CN100420009C - Semiconductor device and opening structure in semiconductor device - Google Patents

Abstract

The present invention relates to a semiconductor device and an opening structure in the semiconductor device, and more particularly, to an opening structure in a semiconductor device with improved step coverage. The opening structure includes a dielectric layer disposed on a substrate and having at least one via opening to expose the substrate. Wherein the upper half of the via opening is a stepped portion, and the lower half thereof is a concave profile portion relative to the dielectric layer. The semiconductor device and the opening structure in the semiconductor device can improve the coverage rate of metal steps and further improve the reliability of the device.

Description

Semiconductor device and opening structure in semiconductor device

technical field

The present invention relates to a semiconductor device, and more particularly to a via opening structure of a semiconductor device, which has a low aspect ratio (aspectratio) and is better for barrier layer deposition. The step coverage (stepcoverage).

Background technique

In the manufacture of semiconductor integrated circuits, the fabrication of contact windows is used to electrically connect active regions or conductive layers in the semiconductor substrate.

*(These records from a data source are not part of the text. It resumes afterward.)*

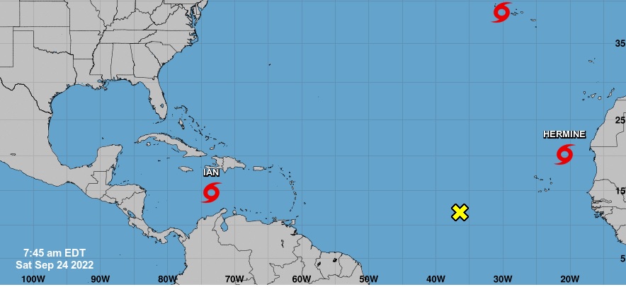El huracán FIONA, se degenera a un post- tropical, localizado a unos 255 km al noreste de HALIFAX (NUEVA ESCOCIA), con vientos máximos sostenidos de 150 kph y desplazándose hacia norte a una velocidad de 43 kph. Mientras que la tormenta tropical Hermine, se ubica a unos 575 km al noreste de Cabo Verde, con viento máximos sostenidos de 65 km/h y se mueve hacia el este a unos 17 km/h.
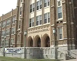 The site for the new school building at 14th between Maine and Jersey was selected in March 1921.[10] The necessity of a new high school intensified through the 1920s, as the school board, Chamber of Commerce, and Rotary Club worked to secure funding and public favor. Chicago architect John D. Chubb was selected to design the building. By 1929, the price for the new building was estimated at $1,300,000, $800,000 over the $500,000 authorized by the board. Construction was delayed to allow time to collect tax revenue.[11]
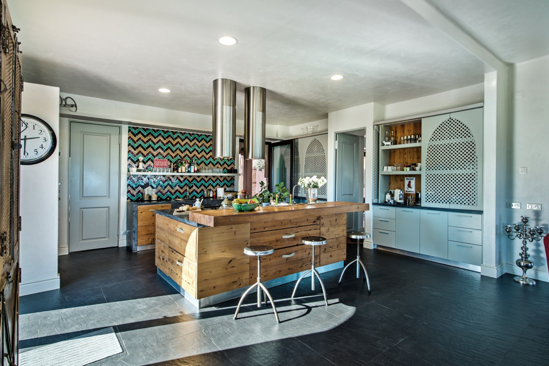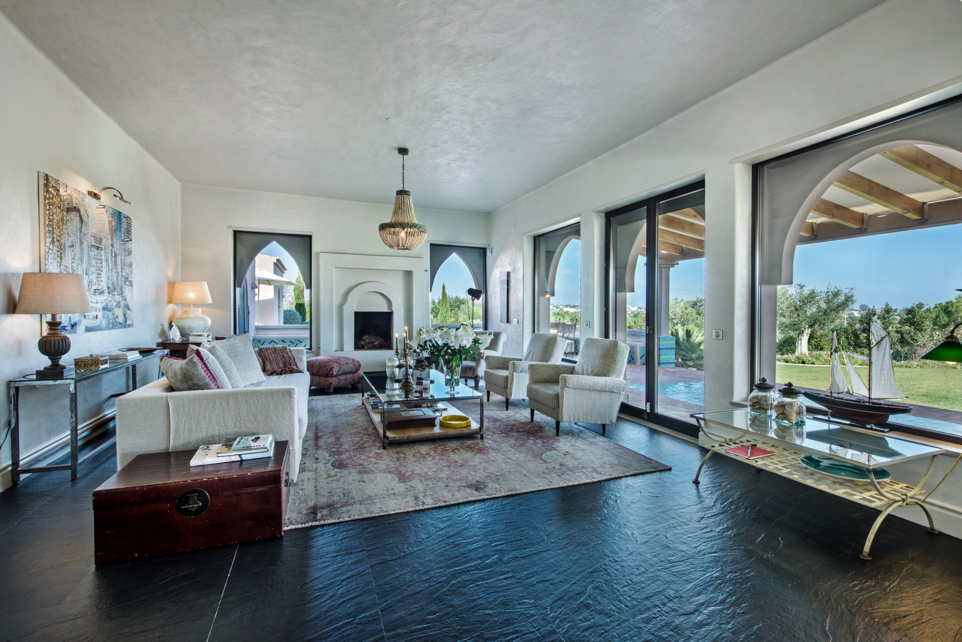 Le salon dispose d'un feu de bois artisanal de style mauresque ouvert et donne accès à la terrasse du jardin avant.
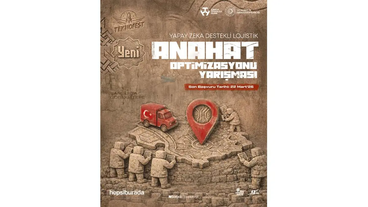 Türkiye’nin en büyük teknoloji festivali TEKNOFEST 2026, Hepsiburada'nın yürütücülüğünde gerçekleştirilecek "Yapay Zeka Destekli Lojistik Anahat Optimizasyonu Yarışması" ile genç yetenekleri teknoloji alanında bir araya getirmeyi hedefliyor. Lojistik sektöründe önemli bir alan olan anahat taşımacılığında makine öğrenmesi ve yapay zeka çözümleri geliştirecek olan yarışma, katılımcıların gerçek operasyonel veri setleri ile sorunlara yaratıcı çözümler üretmelerini sağlayacak. Başvurular 22 Mart 2026 tarihine kadar devam edecek ve kazananlar, ödüllerini 30 Eylül-4 Ekim tarihlerinde Şanlıurfa’daki TEKNOFEST sahnesinde alacak.
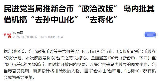 民进党新台币改版“去中国化” !孙中山蒋介石走入历史! 就在1月27日,台有关方面召开记者会宣布,启动所谓“新台币钞券改版”计划。本次改版号称以“台湾之美”为核心,将开放网络投票决定钞票图案走向,台当局官员强调新版设计引发了“去孙中山化”和“去蒋化”的质疑。 这事儿得从根子上说起,新台币从1949年发行到现在,一直承载着两岸共同的历史记忆。就说现在流通的五种面额纸币吧,100元印着孙中山像,200元是蒋介石像,这俩人的历史地位两岸都承认。 可民进党上台后,先是在教科书中大幅删减中国史内容,把郑成功收复台湾都改成“外来政权”,现在又盯上了钞票,这明显是想从文化根基上切断台湾与大陆的联系。 这次改版号称要“去政治人物化”,可背后的政治算计再明显不过。目前流通的500元、1000元、2000元纸币早就没有政治人物了,只剩下100元和200元还保留着孙中山和蒋介石的肖像。 民进党“立委”李坤城之流跳出来呼吁延续无政治人物原则,说是要用自然景观或科技元素彰显“台湾精神”,但明眼人都看得出来,这就是要把象征两岸同属一中的历史符号彻底抹去。 更讽刺的是,民进党当局在推动新版钞票设计时,还把台积电、台北101这些元素列为备选图案,可前脚刚在对美谈判中把半导体产能往美国搬,后脚就想拿这些当“台湾精神”的象征,这不是自打耳光吗? 从历史操作来看,民进党搞“去中国化”从来都是一套组合拳。李登辉时期推动“同心圆史观”,把台湾史从中国史里割裂出去;陈水扁执政时,把“中华邮政”改成“台湾邮政”,中正机场改成“台湾桃园国际机场”;蔡英文上台后,更是直接废除马英九时期的课纲微调,把中国史并入东亚史。 这次新台币改版,不过是他们延续了几十年的“文化台独”策略的又一次升级。国台办早就一针见血地指出,民进党当局为了割裂两岸历史文化联结,花招百出、无所不用其极,但这些政治操弄注定枉费心机,因为两岸同属一中的历史事实改变不了。 再说说经济成本,这次改版可不是小钱。按照台“央行”的说法,新版纸钞平均每张成本5元新台币,一年要更换7亿到10亿张,光这一项每年就得花50亿元新台币,再加上全台ATM机、验钞设备的更新费用,总支出估计超过66亿元。 可现在台湾电子支付普及率越来越高,年轻人用现金的越来越少,花这么多钱改版到底图啥? 岛内民众看得明白,这就是民进党借着“去中国化”捞政治资本,把纳税人的钱当成了他们搞意识形态斗争的工具。有网友直接吐槽:“与其花这冤枉钱,不如把钱用来改善民生,给基层老百姓多发点福利。” 更让人不齿的是,民进党在推动改版时还搞双重标准。他们口口声声说要“去政治化”,可在票选图案里却藏着不少政治隐喻。比如把台北101改成“台湾101”,把台积电包装成“护台神山”,这背后都是想强化“台湾主体意识”。 而且这次网络投票机制也有问题,普通民众根本不清楚选票设计背后的技术细节,很容易被绿营操控舆论。就像之前的“反课纲运动”一样,民进党通过煽动年轻人上街闹事,硬是把原本正常的教育改革扭曲成了政治斗争。 从两岸关系的角度看,民进党这种做法只会加剧台海紧张。大陆一直强调两岸同属一个中国,而民进党却试图通过“去中国化”制造“两个中国”“一中一台”的假象。这种行径不仅违背了国际社会普遍承认的一个中国原则,也严重损害了台湾同胞的根本利益。 国台办多次警告,任何形式的“台独”分裂都不可能得逞,只会把台湾推向危险的深渊。最近大陆在福建舰入列、智能通关等方面的举措,都在释放一个信号:国家统一的历史进程不可阻挡,民进党搞再多小动作也改变不了大势。 说到底,民进党推动新台币改版就是一场“文化自杀”。他们以为通过修改钞票图案、删除历史课本就能改变台湾同胞的民族认同,却忘了文化认同是刻在血脉里的。 台湾的语言文字、风俗习惯、传统节日,哪一样不是中华文化的重要组成部分?就算他们把钞票上的政治人物换成花鸟鱼虫,也改变不了台湾是中国一部分的事实。 历史已经证明,任何逆历史潮流而动的行为都注定失败,民进党如果继续执迷不悟,最终只会被钉在历史的耻辱柱上。
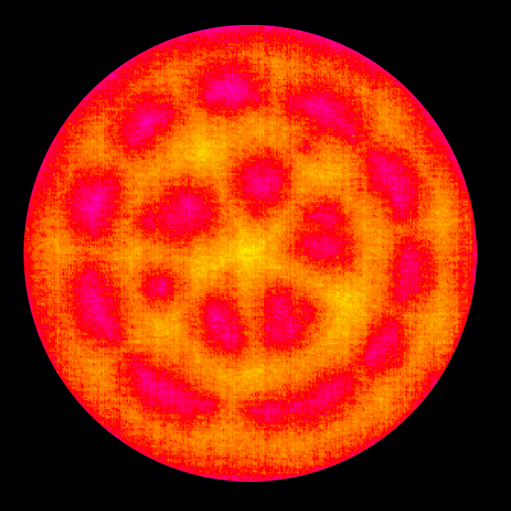 图片描述:本作品展示的是利用红外热像仪拍摄到的液体蒸发过程中产生的稳定的对流涡胞结构,由于是使用的是圆形薄液层,在产生对流涡胞的时候,就像一个美味的披萨呈现在眼前,在吃货的世界里科学也可以如此美妙。
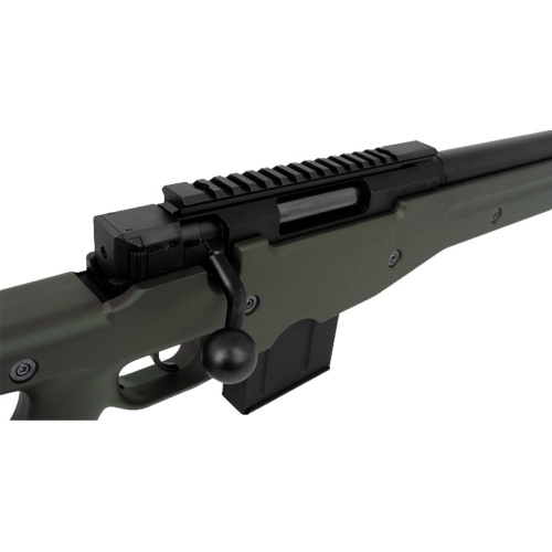 Introducing the Tokyo Marui L96 AWS Bolt Action Airsoft Sniper Rifle in Olive Drab, available exclusively at Airsoft Megastore! This high-performance rifle combines exceptional durability with precision accuracy. Built with a heavy-duty metal receiver and outer barrel, it guarantees reliability on the battlefield. The 20mm Picatinny rail allows easy attachment of scopes and optics for enhanced targeting. Designed for both comfort and functionality, the solid polymer handguard, trigger guard, and grip ensure lightweight maneuverability. With an adjustable cheek rest and stock, finding your ideal shooting position is a breeze. The adjustable hop-up system guarantees accurate and long-range shots every time. Get ready to dominate the field with the Tokyo Marui L96 AWS, where power meets precision.
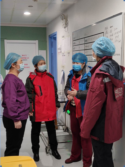 同组的几位战友,她们乐观、努力、坚强、有责任感,这些都深深感染着我。当大家全副武装做好防护进入隔离病区,已经没有了最初的陌生与恐慌。在同济老师们的指导下,我们不再手忙脚乱,逐渐熟悉了每一班次的工作流程。我们工作时要克服厚重的防护服、护目镜带来的不便,为患者进行静脉输液、胰岛素注射、皮下注射、血糖监测、吸氧,呼吸机观察、院感防控、三餐发放、打开水、晨晚间护理、核对医嘱、巡视病房……忙碌的身影穿梭于病房的每一个角落。工作中,大家是彼此分工,又互相协助,共同努力做好本班次的医疗护理工作,甚是感动。
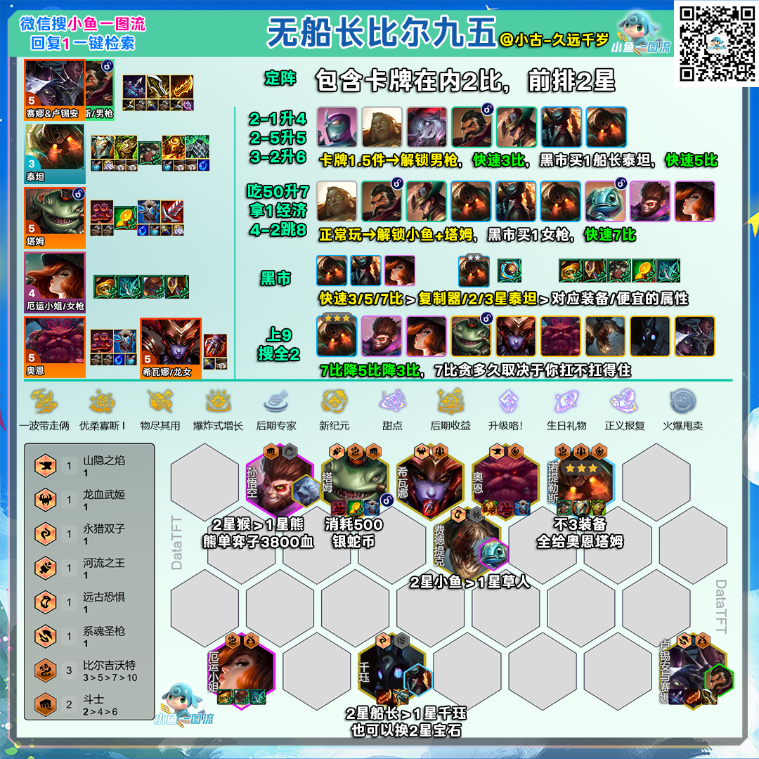 速3速5速7:卡牌带1.5件→解锁男枪快速3比,黑市买1张船长1张泰坦快速5比,7级上5个比→解锁小鱼+黑市买1张女枪快速7比(7比贪几轮取决于对局质量,扛不住就得开始降)
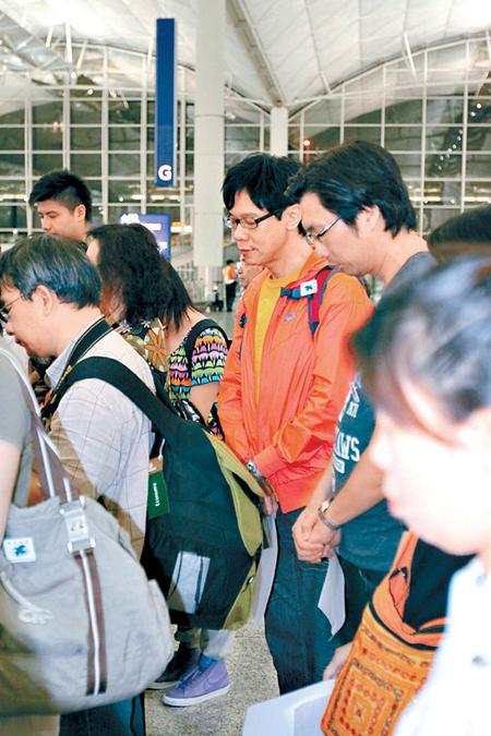 記者見陳志云似乎稍為放松,便追問他有關復工的最新消息,可是他仍然非常戒備,始終不肯透露半點風聲。他謂:“Sorry,我不答又似無禮貌,但我真的不方便做訪問,你都知我平時有問必答。”說罷,陳志云便前往會合數十位教友,并獲教友熱情接待,大伙兒在上機前一起進行禱告儀式。
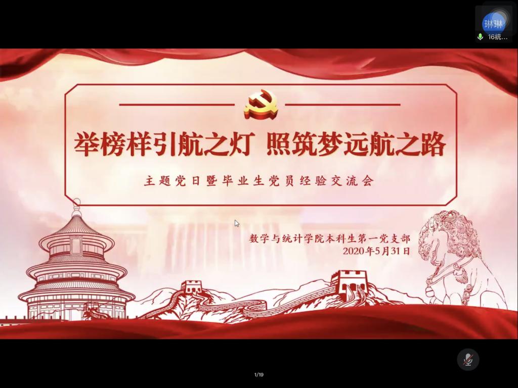 本站讯 为树立党员先锋,传递榜样力量,5月31日上午,我院本科生第一党支部通过腾讯会议开展了“举榜样引航之灯,照筑梦远航之路”主题党日暨毕业生党员经验分享会。学院本科生第一党支部全体党员、部分入党积极分子参加了会议。
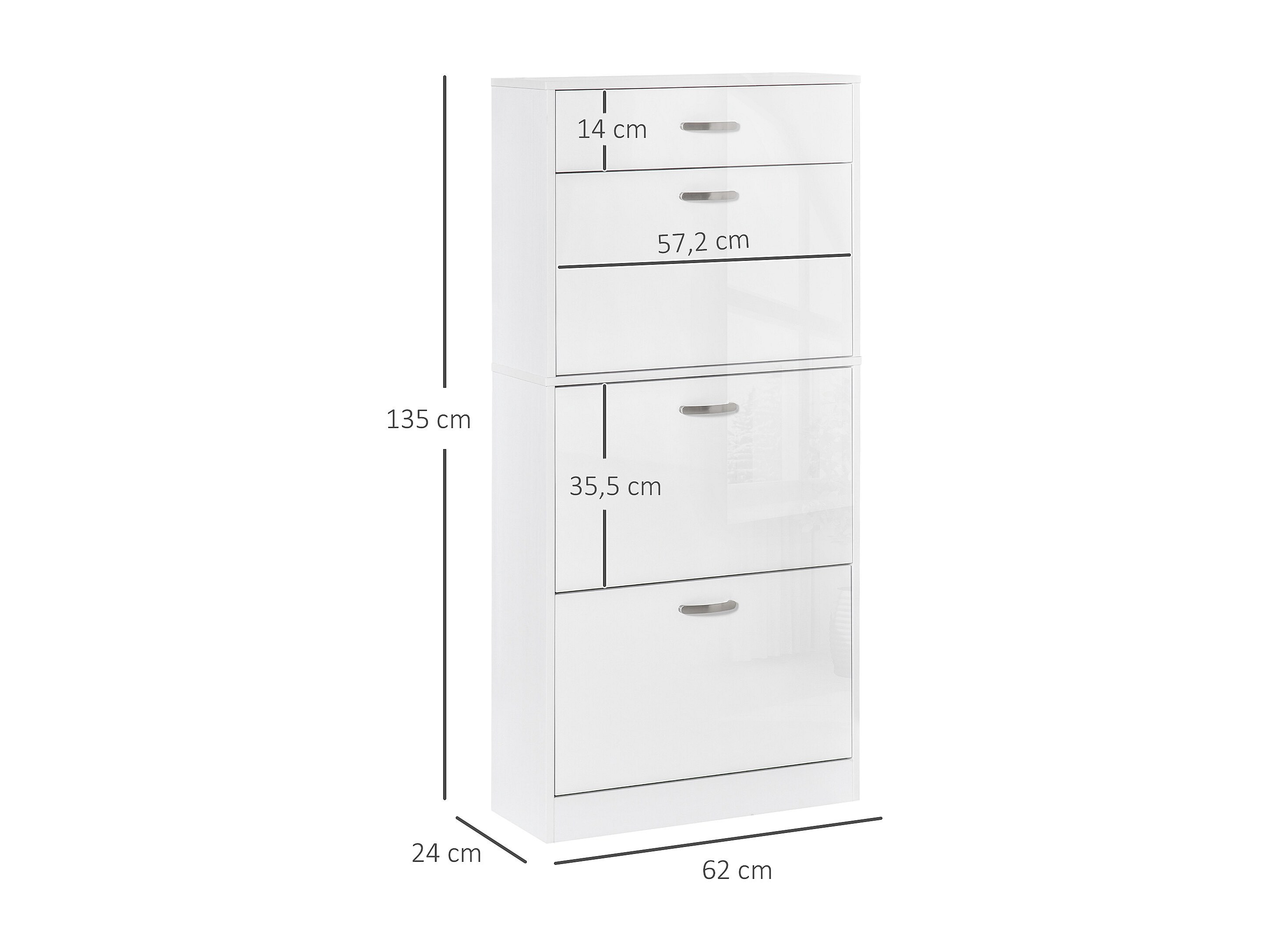 Meuble à chaussures - 3 portes abattantes et tiroir coulissant - dim. 62L x 24l x 135H cm - poignées alu. panneaux particules blanc
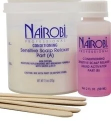 Nairobi sensitive scalp relaxer system. Liquid activator 4 wooden spatulas and instructions. Nairobi Professional has many products available to style condition or protect your hair. Nairobi Conditioning Sensitive Scalp Hair Relaxer Kit This nairobi conditioning sensitive scalp hair relaxer kit is a 4 pack system that includes 4 full applications or 8 single touch-up applications.
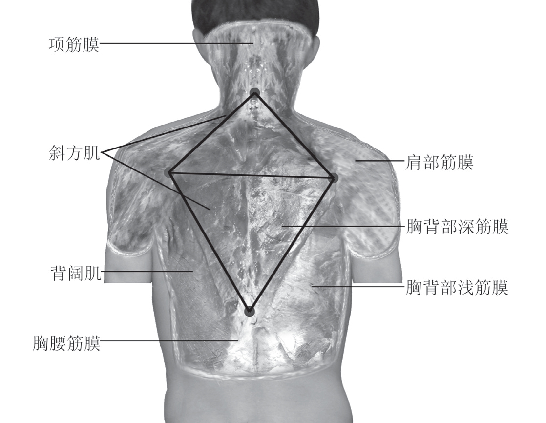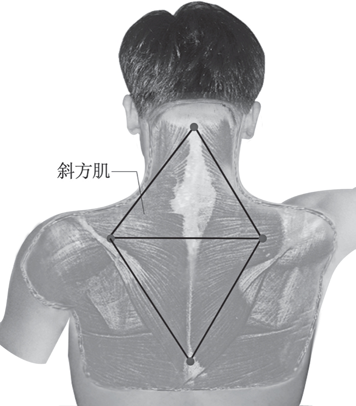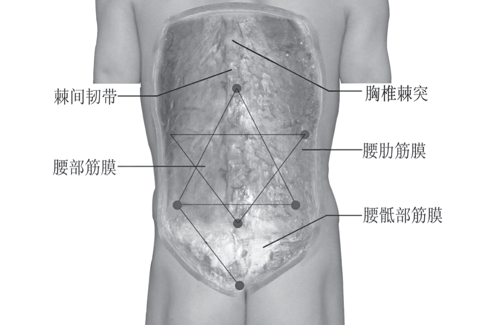胸背部筋膜立体三角区包括由双侧肩胛冈外上筋结点与第11胸椎棘突筋结点构成的三角区,以及由双侧游离肋尖筋结点与第11胸椎棘突筋结点构成的三角区。这些筋结点既是病理学损伤点,也是水针刀疗法的治疗点(图2-14)。

The semiconductor substrate has a metal interconnection layer formed on a dielectric layer, and the dielectric layer is interposed between the substrate and the interconnection layer. In the manufacture of contact windows, contact openings or via openings are usually formed in the dielectric layer to expose the active area or conductive layer, and a conductive plug is filled in it as a layer from the active area or conductive layer to the interconnection layer conduction path between them. The barrier layer typically covers the contact opening or via opening in a conformal manner to prevent inter-diffusion between the dielectric layer and the conductive plug, active region, or conductive layer.

With the development of high-density integrated circuit technology, more components are required to be placed on a chip, which increases the complexity of the manufacturing process, and increases the density and aspect ratio of contact windows. The increase in circuit density also results in an increase in the aspect ratio of contact openings or via openings. However, higher aspect ratios have a negative impact on manufacturing yield because contact openings or via openings require better metal step coverage to provide reliable electrical contact. That is, as the aspect ratio increases, the deposition of the barrier layer cannot provide better step coverage due to necking at the top of the contact opening or via opening.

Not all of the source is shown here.